- [Data block]:
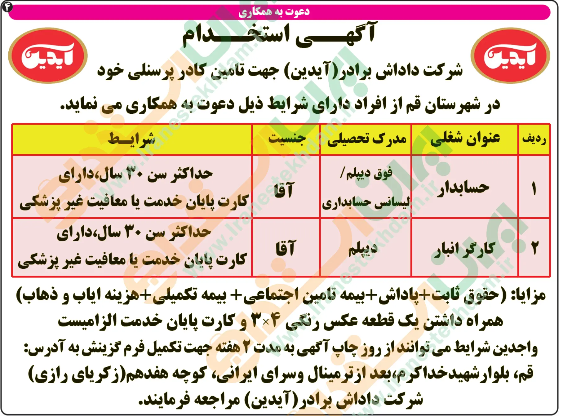 روزنامه استخدامی استان قم | سهشنبه 22 مهر 1404
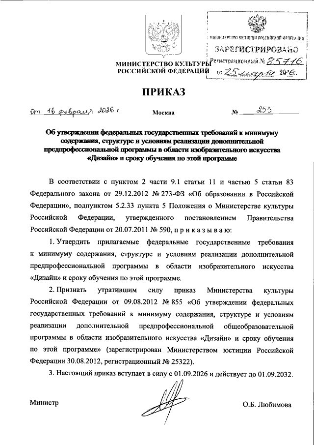 ПРИКАЗ Минкультуры РФ от 16.02.2026 N 253
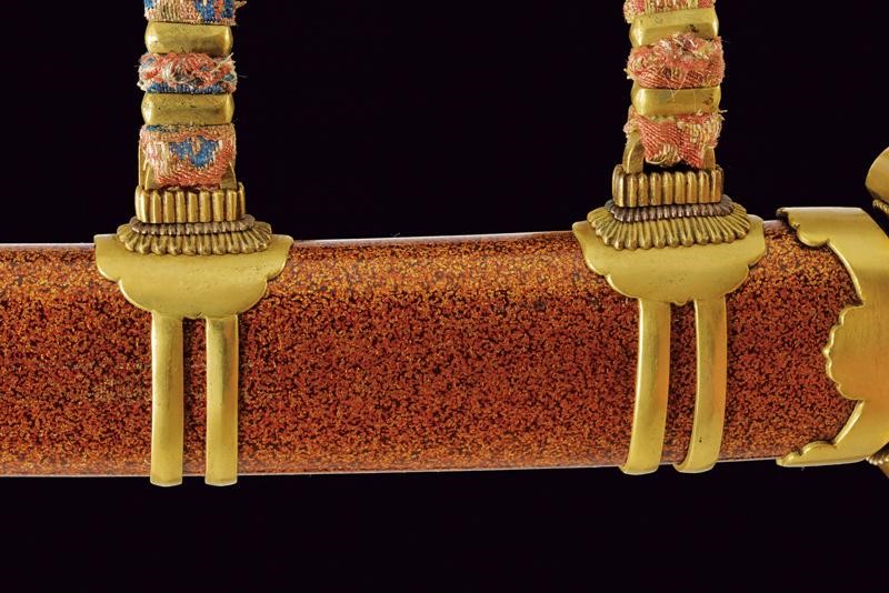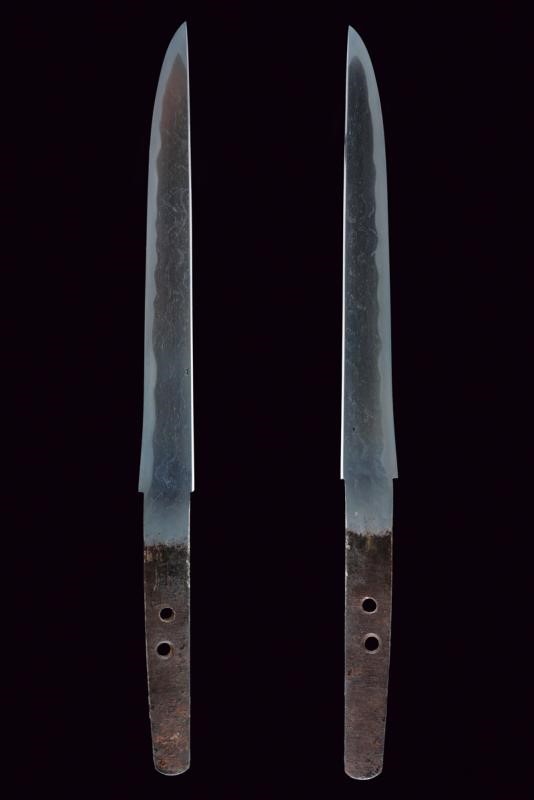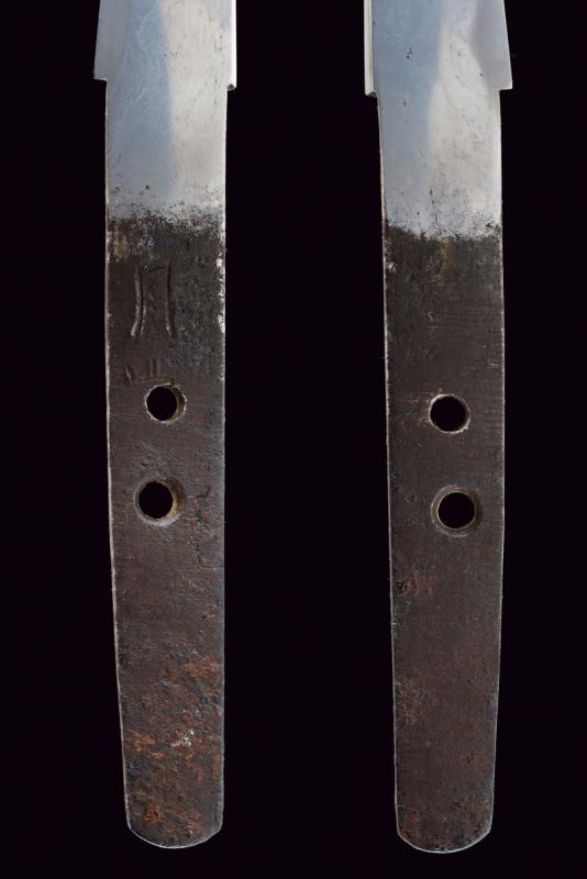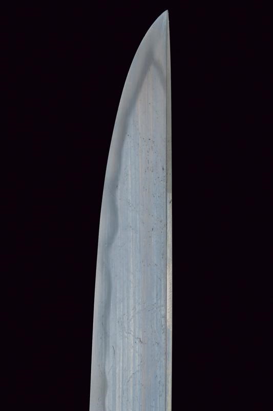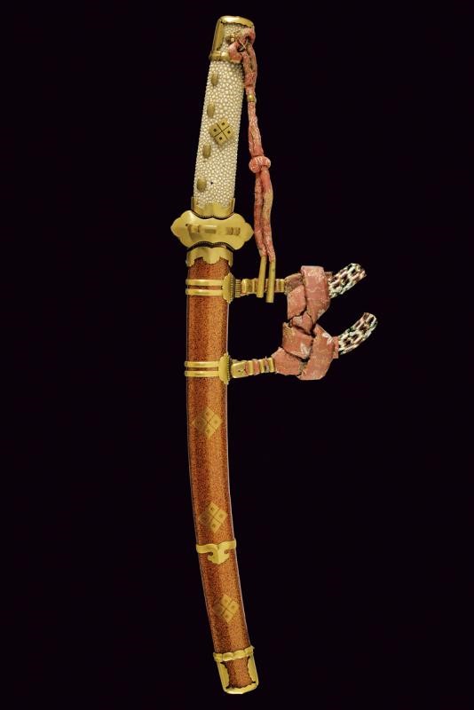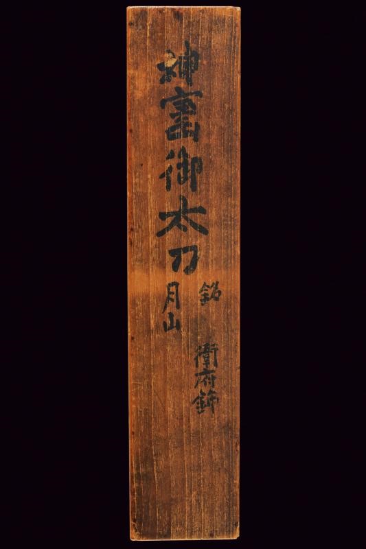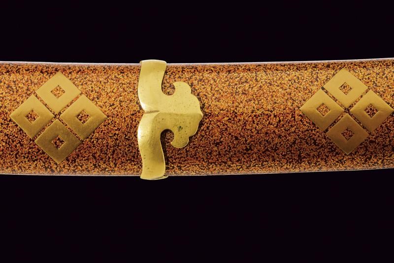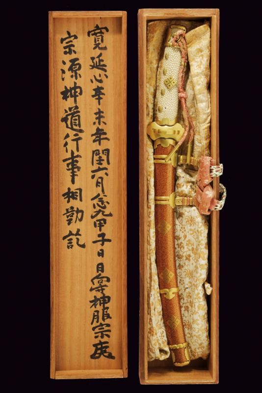 Nagasa of 16.6 cm. Sugata: hira zukuri iorimune musori; hamon: regular suguha in ko nie with sunagashi and kinsuji; hada: evident ayasugi; boshi: suguha, also sunagashi and with a short kaeri. Gilded metal habaki. Nakago mei: 'Gassan', ubu, kurijiri nakagojiri with kiri yasurime and two mekugi ana. In mamorigatana tachi koshirae, original from the Edo period, from the mid-18th century. The koshirae is decorated with Shizuoka clan kamons, silver and gold menuki, also representing clan kamons, and along the tsuka there are small bales of rice of gold, which are often seen before the god Daikokuten as a symbol of prosperity and abundance. In the original wooden box from the Edo period featuring a fragment of the history of this very rare weapon. Outside the inscriptions "blessed tachi", "signed Gassan", and "placed to guard the house", while inside other inscriptions "participation in the Sogen Shinto ritual", "June month of the Kan'en era of the Kanota Hitsuji (1751) cycle", "ceremony took place at the Hyuga temple in the Kinoe ne cycle" and "Shintokuso Ebisu". Middle Muromachi period.

- [Work instruction]:
The lines from the start of the data through the line that contains "ПРИКАЗ Минкультуры РФ от 16.02.2026 N 253" are to be returned exactly, please, with both ends included and every picture left out.

- [Output for this exercise]:
 روزنامه استخدامی استان قم | سهشنبه 22 مهر 1404
 ПРИКАЗ Минкультуры РФ от 16.02.2026 N 253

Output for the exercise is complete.